AR found another concert for us to go to afterward, at Legion in Williamsburg/Bushwick. We wound ourselves through the bar to a back room with gorgeous, wood-paneled walls and a tiny yet well-lit wooden stage to see the art-rock band Howardian. Somehow, with 3/5 of their band missing they still had a great time, and so did we. The drummer, tickling the snare, mumbled "I am a coconut," from underneath a pile of his hair and it was so weird we loved it.

"How are you feeling?" AR asked me while the band was setting up.
"I am having some trouble breathing!" I said, sipping the cider I probably shouldn't have been drinking and then laughing. Whatever.

We left Legion and bounced into the frigid night, the one I think now (I HOPE now) will be the last of the season. "I'm hungry!" AR said as we walked up Humboldt Street. "Okay," I said. "What around here is open late?" I literally had no idea where we were and I wondered if I had even been to this part of Brooklyn before, but AR used to live off the Graham Avenue L stop so he knew where to take us.
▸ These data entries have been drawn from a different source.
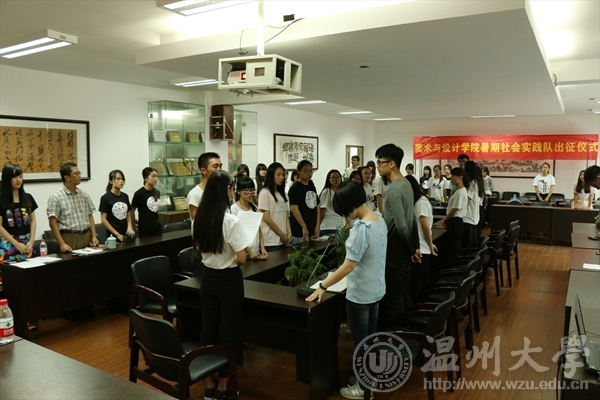 7月7日上午,温州大学皇冠博彩 2015年暑期社会实践出征仪式在美术楼2B4001举行。皇冠博彩 党总支副书记杨振海、学生科科长叶筱卉、实践队指导老师叶婷、辅导员李燕艳及皇冠博彩 九支实践队的队长和队员们出席了出征仪式。由叶筱卉老师主持仪式。学生科科长叶筱卉首先对2014年的实践工作及成果做了汇报总结,并介绍了皇冠博彩 9支暑期社会实践队队伍基本情况及注意事项。 杨振海副书记对本次实践活动进行部署并提出具体要求。她指出:一、要明确大学生暑期社会实践的重要性和必要性;二、要注重安全实践的意识,安全第一,每天至少两次汇报实践队情况;三、要做好实践材料的收集和整理,为后期评比做好准备。 叶婷老师作为指导老师代表发言,提醒全体队员,务必服从组织安排,做好防暑和安全工作,让社会实践活动在安全的前提下顺利、有效的进行。并寄语美院实践取得优良成绩。紧接着,各实践队队长分别进行各自的实践特色风采展示并宣誓。杨振海副书记为实践队代表授旗。最后在:“社会实践,我们准备好了!”的嘹亮口号中,此次暑期社会实践出征仪式圆满完成。2015年美术与设计学院暑期社会实践的号角已经吹响,美院学子们将以青年人特有的朝气和蓬勃,带来的是一场关于青春的盛宴,精彩还在继续,敬请期待。
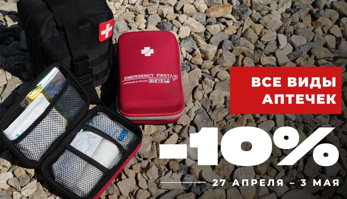 Скидка 10% на все виды аптечек TSPROF — для путешествий, активных выходных и просто безопасных заточек.
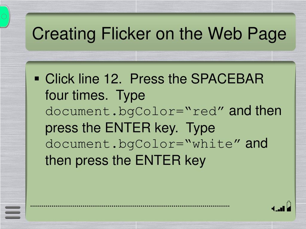 Creating Flicker on the Web Page • Click line 12. Press the SPACEBAR four times. Type document.bgColor=“red” and then press the ENTER key. Type document.bgColor=“white” and then press the ENTER key
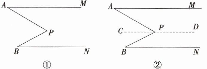 5 已知:如图①,AM//BN,点P是两平行线间的任意一点,连接AP,BP. 小雅猜想∠APB = ∠A + ∠B,并写出了如下的证明过程,请你补充完整.
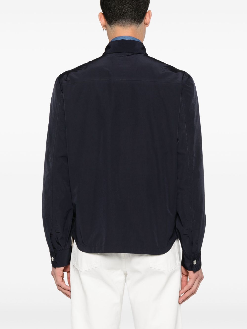 navy blue front press-stud and zip fastening press-stud fastening cuffs two chest flap pockets two side welt pockets
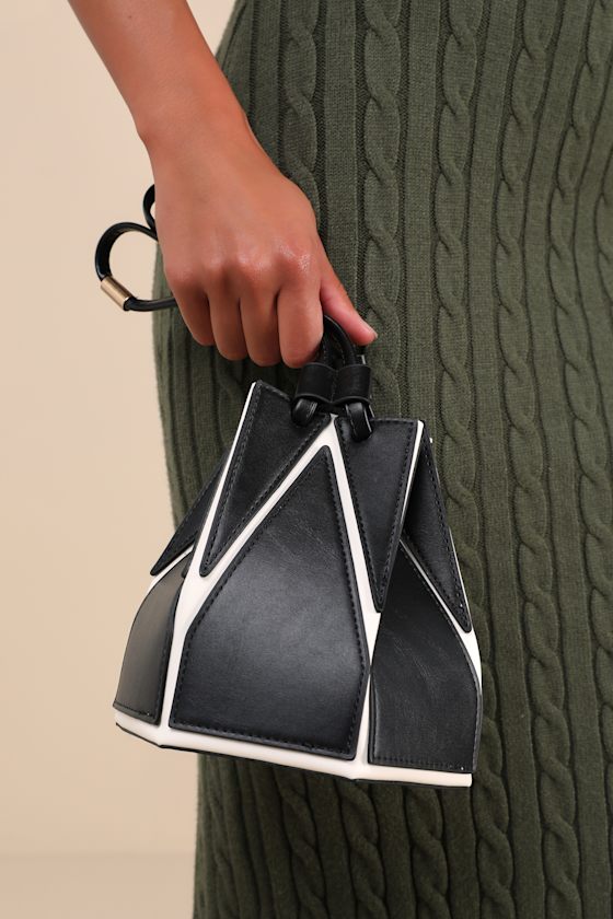 Elevate your accessories game instantly with the Lulus Unparalleled Style Black and White Color Block Bucket Bag! Smooth vegan leather, in contrasting hues of black and white in a geometric-style design, shapes this structured bucket bag with a flat bottom silhouette and a unique drawstring top that cinches with slender, twin tote handles. A slender, detachable shoulder strap allows for various styling options, while the roomy interior keeps all your must-have essentials safe and sound! Gold hardware.
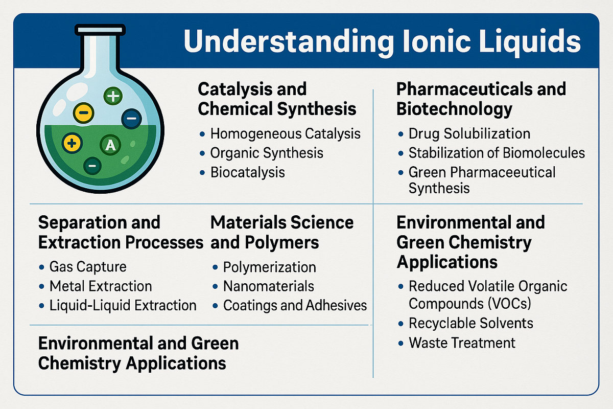 Chất lỏng ion đại diện cho một loại hóa chất linh hoạt, có thể điều chỉnh và cải tiến đang biến đổi các quy trình công nghiệp trên nhiều lĩnh vực. Từ xúc tác và điện hóa đến dược phẩm, khoa học vật liệu và kỹ thuật môi trường, các đặc tính độc đáo của chúng cho phép các công ty thiết kế các quy trình an toàn hơn, hiệu quả hơn và bền vững hơn.
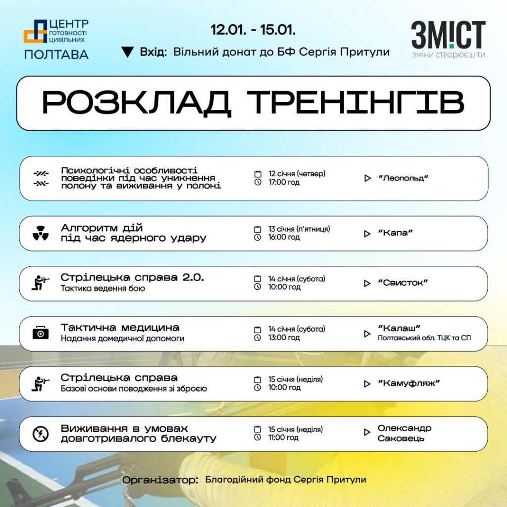 З 12 по 15 січня «Центр готовності цивільних» проведе 6 тренінгів. Серед нових тем – «Психологічні особливості поведінки під час уникнення полону та виживання у полоні» та «Алгоритм дій під час ядерного удару».
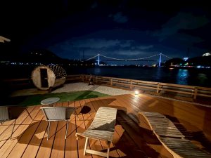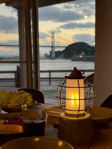 外のデッキからは、ライトアップされた関門橋が一望できて雰囲気抜群🌟
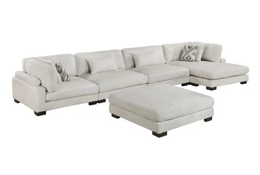 Transform your living room with the Bianca Beige Microfiber 180" 5 Piece Modular Sectional with Right Arm Facing Chaise and Ottoman. This casual sectional offers a plush, comfortable seating experience with its soft microfiber fabric and versatile modular design. Whether you're entertaining guests or enjoying a quiet evening at home, this sectional provides ample space and comfort.
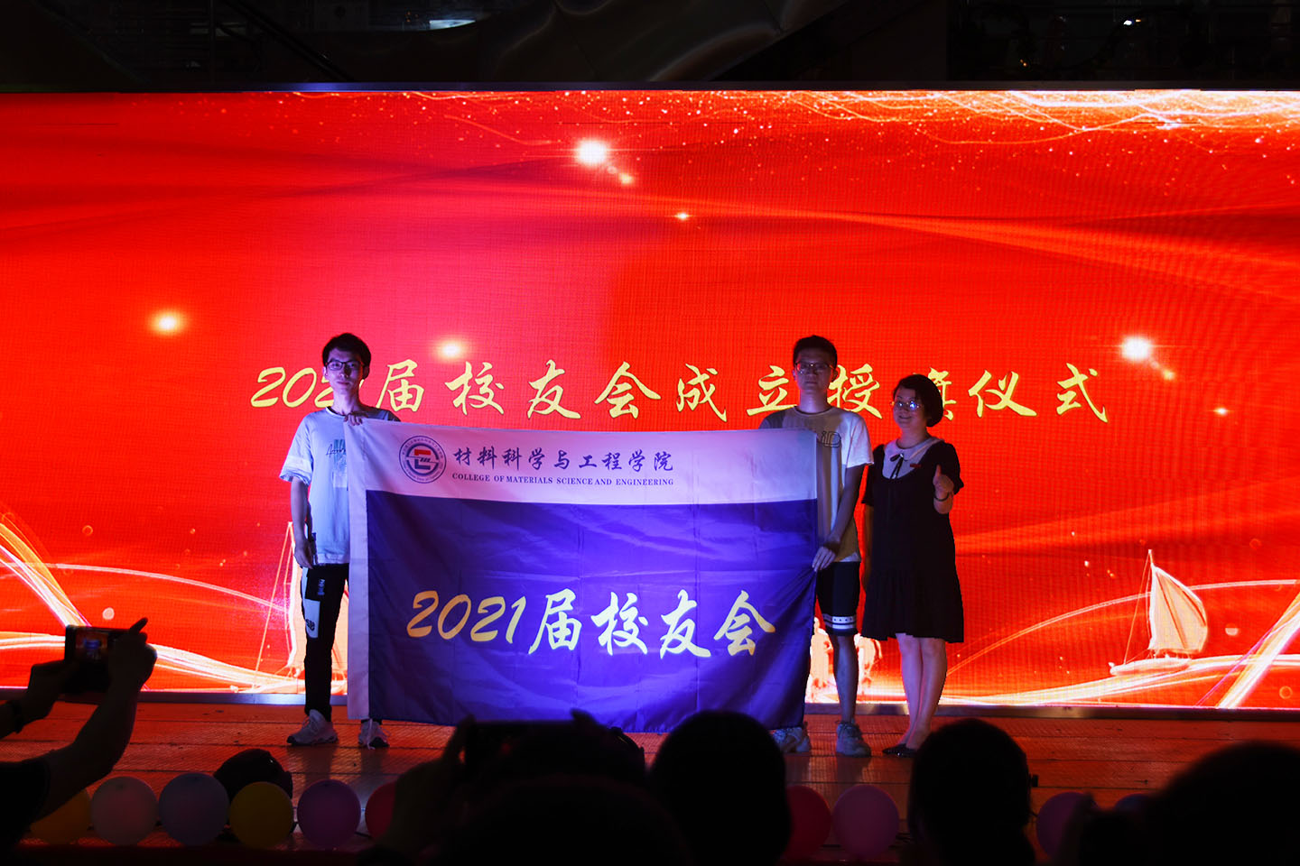 随着回忆视频的播放,本次毕业晚会正式拉开序幕。首先,张国强致毕业贺词,他讲到,大学是最值得回忆的四年,同学们在这里学会了知识,提高了能力,磨炼了品格,希望同学们牢牢记住304永利集团官网入口“博学,力行,守正,拓新”的校训,牢记材料学院“天道酬勤,自强不息”的院训,带着老师们的祝福和希望,在人生新的起点上,勇于创新,开拓进取,不负时代!随后,晚会表演正式开始,表演分为少年、祝福和怀念三个主题部分,惊艳的舞姿、悦耳的音乐、幽默的小品以及快板书深深吸引着观众并迎来了热烈的掌声,每一个节目里都融入了对毕业生们的不舍和祝福。晚会期间,为加强校友联系,促进学校发展,学院成立2021届校友分会,陈华宣读了《材料科学与工程学院关于成立2021届校友分会的决定》,郑延恒为校友会授旗。随后,进行了毕业班班主任永久聘书颁发仪式。心理辅导员谢易真带领同学们进行了“优秀的材料人”毕业生班级健心活动,引导同学们善于发现身边人的优点,大声说出身边同学的优点,团结班级凝聚力。最后,随着相机快门声的响起,本次毕业晚会落下帷幕。
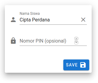 Pertama kali menggunakan aplikasi ini, anda akan diminta memasukkan data nama. Nomor PIN bersifat opsional (tidak harus diisi). Apabila guru memberikan nomor PIN tersebut ke anda, anda harus memasukkannya dalam tahap ini.
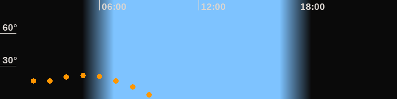 | Höchster Stand (Kulmination) | 05:00 Uhr (h = 21,8°) |

Morelos is a 24/7 Mexican/American diner on Grand Street. We walked in and sat at the counter, passing a giant display case of pandulces on the way in. It reminded me of South Florida and I felt like I was back there for a minute. I wasn't even hungry, but I ordered I giant torta stuffed with beef and jalapeƱos and avocado and dove in just for the experience alone. We drank tea and talked about nothing and I didn't need another cough drop the whole time.